Embodiments may also include applying the selected noise reduction process to the received audio data prior to transmitting the audio data to the remote end. Embodiments may also include selecting an appropriate echo cancellation process based on the determined ambient noise level. Embodiments may also include applying the selected acoustic echo cancellation process to the received audio data prior to transmitting the audio data to the remote end.

In one embodiment, the step of selecting one of the video streams to be a selected video stream based on the analyzed video-associated metadata includes generating one or more camera control commands based on the received and analyzed video-associated metadata and transmitting the one or more camera control commands to the smartphone that corresponds to the selected video stream.

In one embodiment, the step of analyzing the received video-associated metadata may include analyzing the received video-associated metadata using one or more machine learning algorithms to identify participants based on their facial features. In one embodiment, the step of analyzing the received video-associated metadata may include analyzing the received video-associated metadata using one or more machine learning algorithms to detect motion.

In one embodiment, the video-associated metadata includes verification identification information of one or more participants based on facial features from biometric data from the infra-red LIDAR camera. In one embodiment, the second memory stores a third set of computer-executable instructions that, when executed by the at least one processor, causes the at least one processor to execute a third method that may include executing a unified communication software application for hosting a unified communication with the remote endpoint.

Embodiments may also include at least one or more of the plurality of microphones may include an array microphone adapted to generate electronically steerable pickup lobes computed by an audio processing software application. In one embodiment, the step of generating video-associated metadata regarding the transmitted video stream may include generating the video-associated metadata from a hardware sensor other than the camera. In one embodiment, the hardware sensor may be located on the smartphone. In one embodiment, the hardware sensor may include an infra-red LIDAR camera.

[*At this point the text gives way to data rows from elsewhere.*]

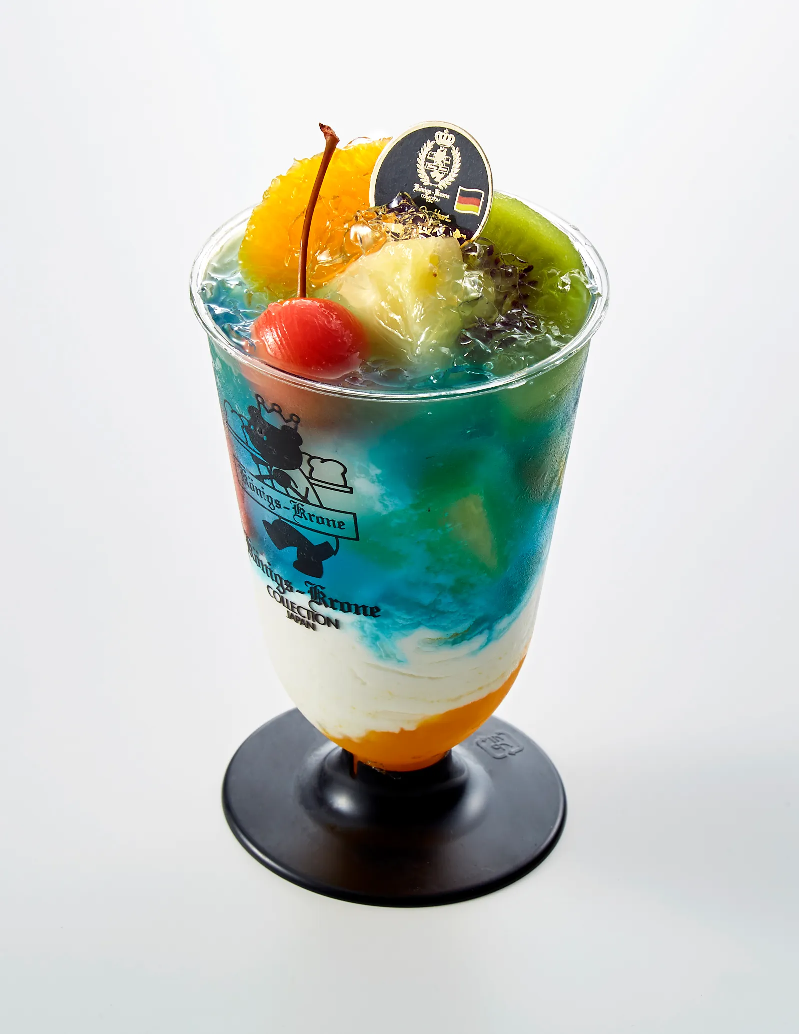 七夕をイメージしたブルーのゼリーにトロピカルフルーツをのせたパフェ。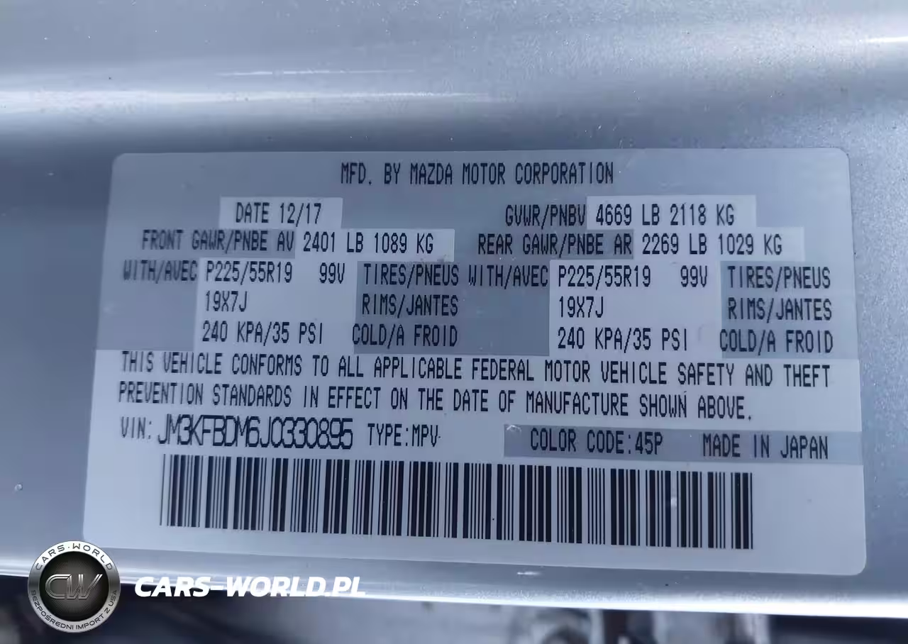 IAAI Nr: I-43931156 VIN: JM3KFBDM6J0330895 Port: Indianapolis, IN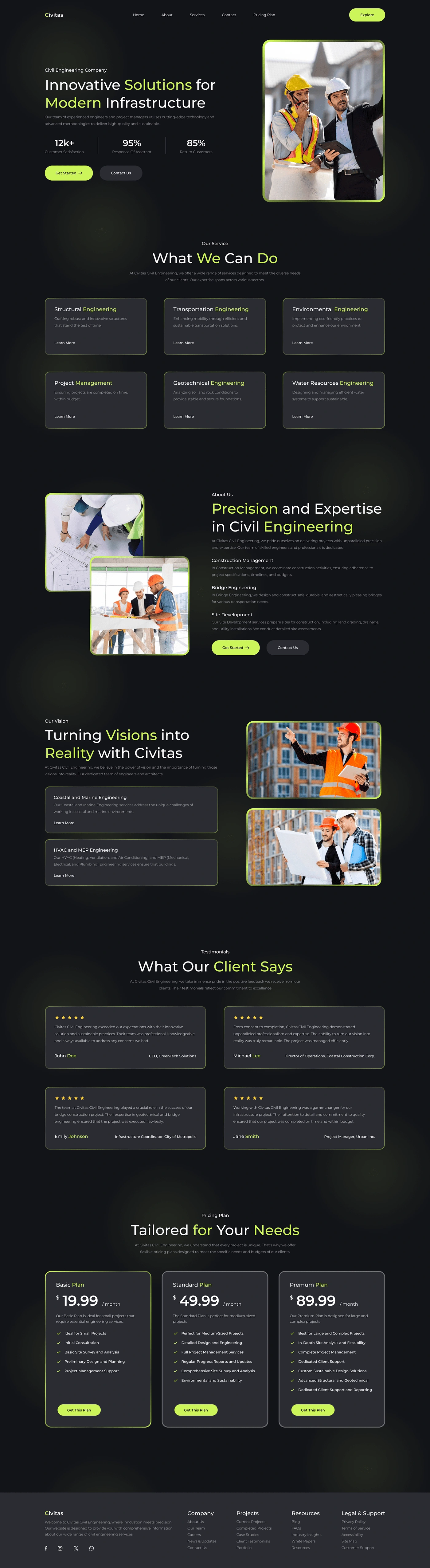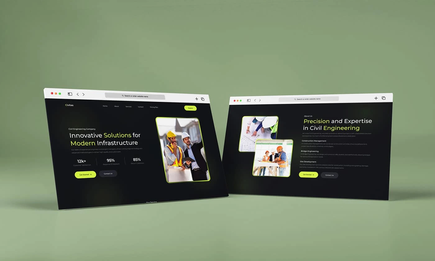 The Civitas website project combines sleek, modern design with a professional aesthetic suited for a civil engineering company.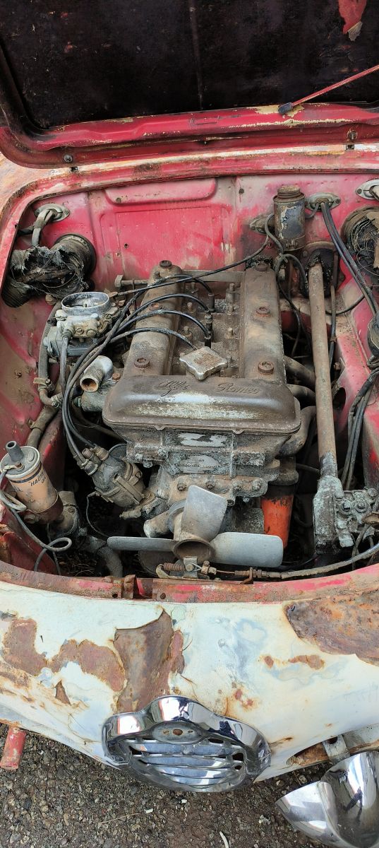 Une bonne base pour une restauration. Carte grise Alfa Romeo complète et certifiée. Moteur Alfa Romeo d'origine (numéros concordants).

Embodiments of the present disclosure may also include a non-transitory computer-readable medium storing a set of instructions for selecting video and audio in a video conference system for a conference room, the set of instructions including one or more instructions that, when executed by one or more processors of a device, cause the device to operate at least two or more smartphone cameras in the conference room to generate respective video streams.

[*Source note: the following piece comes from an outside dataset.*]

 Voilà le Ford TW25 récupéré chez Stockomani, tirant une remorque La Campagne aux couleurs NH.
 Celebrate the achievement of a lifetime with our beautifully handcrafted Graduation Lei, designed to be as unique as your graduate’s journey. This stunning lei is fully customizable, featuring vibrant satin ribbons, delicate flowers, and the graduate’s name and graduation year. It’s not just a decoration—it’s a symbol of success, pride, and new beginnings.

Embodiments may also include transmit the generated respective video streams. Embodiments may also include generate video-associated metadata (VAM) by the respective smartphones regarding the transmitted video streams. Embodiments may also include transmit the generated video-associated metadata to at least one conference room transceiver.

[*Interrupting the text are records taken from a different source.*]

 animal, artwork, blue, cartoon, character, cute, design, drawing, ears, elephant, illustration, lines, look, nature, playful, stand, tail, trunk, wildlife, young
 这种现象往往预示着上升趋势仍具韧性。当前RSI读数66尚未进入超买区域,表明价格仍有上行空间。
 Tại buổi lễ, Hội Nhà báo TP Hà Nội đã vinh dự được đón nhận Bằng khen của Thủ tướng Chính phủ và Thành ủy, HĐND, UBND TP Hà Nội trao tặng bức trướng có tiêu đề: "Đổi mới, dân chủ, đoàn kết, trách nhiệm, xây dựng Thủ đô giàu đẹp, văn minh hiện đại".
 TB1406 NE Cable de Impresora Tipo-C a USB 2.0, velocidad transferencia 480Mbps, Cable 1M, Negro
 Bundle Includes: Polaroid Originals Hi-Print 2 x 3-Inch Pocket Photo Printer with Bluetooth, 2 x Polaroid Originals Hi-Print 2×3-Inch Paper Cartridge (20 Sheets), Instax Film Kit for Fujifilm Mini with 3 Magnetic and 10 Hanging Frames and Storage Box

Embodiments may also include receive the generated video-associated metadata from each of the at least two smartphone cameras by at least one room processor transceiver. Embodiments may also include generate audio data by at least two or more microphones located within the conference room, the microphones not communicatively coupled to any of the smartphones.

Embodiments may also include transmit the generated audio data to the at least one conference room transceiver. Embodiments may also include receive the generated audio data from each of the at least two microphones by the at least one room processor transceiver. Embodiments may also include generate an audio composite by a room processor communicatively coupled to the at least one room processor transceiver by combining all the received audio data.

Embodiments may also include analyze the received video-associated metadata by the room processor. Embodiments may also include select one of the video streams to be a selected video stream based on the analyzed video-associated metadata. Embodiments may also include transmit the selected video stream and the audio composite to a remote endpoint.

In one embodiment, the one or more instructions further cause the device to generate audio metadata for each of the plurality of received audio data. Embodiments may also include analyze the received audio metadata from each of the plurality of smartphones to determine ambient noise levels in the conference room. Embodiments may also include select an appropriate noise reduction process based on the determined ambient noise level.

Embodiments may also include apply the selected noise reduction process to the received audio data prior to transmitting the audio data to the remote endpoint. Embodiments may also include select an appropriate echo cancellation process based on the determined ambient noise level. Embodiments may also include apply the selected acoustic echo cancellation process to the received audio data prior to transmitting the audio data to the remote endpoint.

In one embodiment, the one or more instructions further cause the device to select one of the video streams based on one or more of the generated audio metadata and analyzed video-associated metadata. Embodiments may also include generate one or more camera control commands based on the received and analyzed video-associated metadata. Embodiments may also include transmit the one or more camera control commands to the smartphone that corresponds to the selected video stream. Embodiments may also include analyze the received video-associated metadata to identify participants based on their facial features. Embodiments may also include analyze the received video-associated metadata to detect motion.

Embodiments may also include a plurality of the at least one or more of the plurality of microphones form an array microphone with electronically steerable pickup lobes as computed by an audio processing software application. In one embodiment, the video-associated metadata may include verification identification information of one or more participants based on facial features from biometric data from an infra-red LIDAR camera sensor located on the smartphone.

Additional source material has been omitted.